Metallic delafossites such as PdCoO2 are layered oxides with a unique crystal structure: conductive Pd+ sheets alternate with insulating [CoO2]− layers. This layered crystal structure gives rise to two remarkable features. First, the Pd+ layers host quasi–two-dimensional electrons with conductivities comparable with elemental metals, enabling long mean free paths and unusual transport phenomena even in ultrathin films. Second, the polar stacking of charged layers produces surfaces and interfaces with strongly contrasting electronic properties. Depending on termination, PdCoO2 can exhibit large work-function differences and polarity-driven dipole layers, which at semiconductor interfaces lead to exceptionally high Schottky barriers.
In this talk, I will highlight how these fundamental properties—low-dimensional metallic transport and polarity effects—emerge from the crystal structure of PdCoO2, and how they open new possibilities for applications in nanoscale interconnects and Schottky devices.

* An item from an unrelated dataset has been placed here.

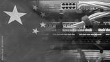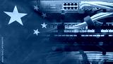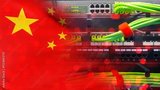 Chinese network equipment. Internet switch with fiber optic wires. Server equipment with flag of China. Green cables are connected to industrial router. Network technologies from China

Takayuki Harada is an independent scientist at the National Institute for Materials Science (NIMS), Japan. He received his Ph.D. from the University of Tokyo and subsequently worked as a postdoctoral researcher at Max Planck Institute for Solid State Research, and then as an assistant professor at Tohoku University. He joined NIMS in 2021 and, since 2024, has also served as a visiting associate professor at Tokyo University of Science. His research focuses on thin-film heterostructures and electrical transport properties.